Once Ortensio e Aurelia have done their bit, I take another leaf from the commedia dell'arte book with a traditional Punch and Judy performance. As is the case with most Punch and Judy performances, the play has a rough structure but is largely impromptu and allows for a good deal of audience participation, much like a pantomime play. At this point, I usually have the audience's attention for the grand finale.

Through combining the familiar Harlequin archetype from the commedia dell'arte tradition with the modern penchant for fusing ventriloquism with stand-up comedy, I created the character of Harvey the Tramp. My act with Harvey is based primarily on quick back-and-forth banter, as well as commenting on the misfortune of Harvey's life and the stories in the newspapers he sleeps in, which allows me to poke fun at whatever's topical at the moment, which means I can keep the routine fresh.
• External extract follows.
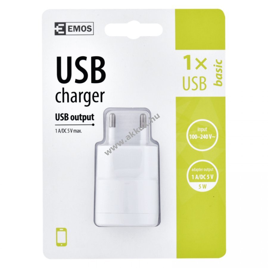 5V 1A fehér 47mm x 36mm x 18 mm 23 gr. EMOS Szavatosság (további részletek) 8592920038932
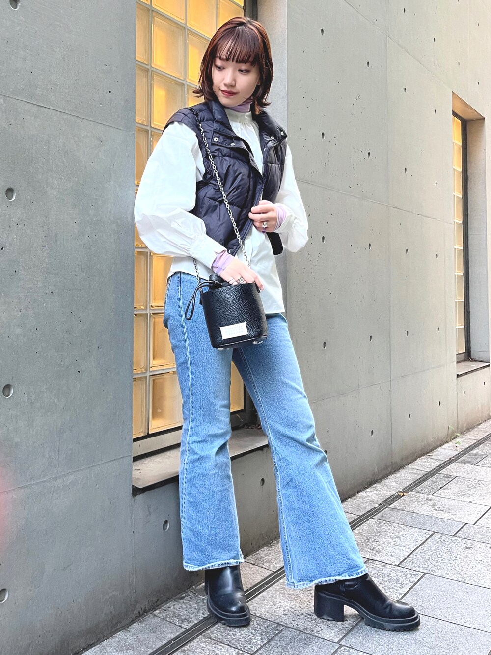 ママとおデートコーデ🖤 暑かったり寒かったり大変なので袖がセパレートになるダウンベストが役立ちました🔥

You know, I love the feeling of being on a stage. I love making people laugh. I love making people applaud. I love taking my bow at the end of the performance, with all my puppets, of course, and knowing that I've made people happy. The thing is, when I'm on stage, I know that people like me. I can see them liking me, I can hear them liking me, I can feel them liking me.

I just can't get that feeling off the stage. Oh, look at me whining. I'm sorry to be unloading my self-pity on you, whoever you are. There are people in the world worse off than me. There are people starving in Niger, being gunned down in Libya and dying of AIDS in South Africa, I shouldn't be complaining. Oh, that sounds arrogant and racist doesn't it? Because I used all African countries and made it sound like I can't complain because at least I'm not like those people. Oh god, I'm sorry if I've offended you and I'm sorry if I've annoyed you by complaining about my problems when there are people far worse off and I'm sorry, in general, for being me.

I hope I didn't offend you.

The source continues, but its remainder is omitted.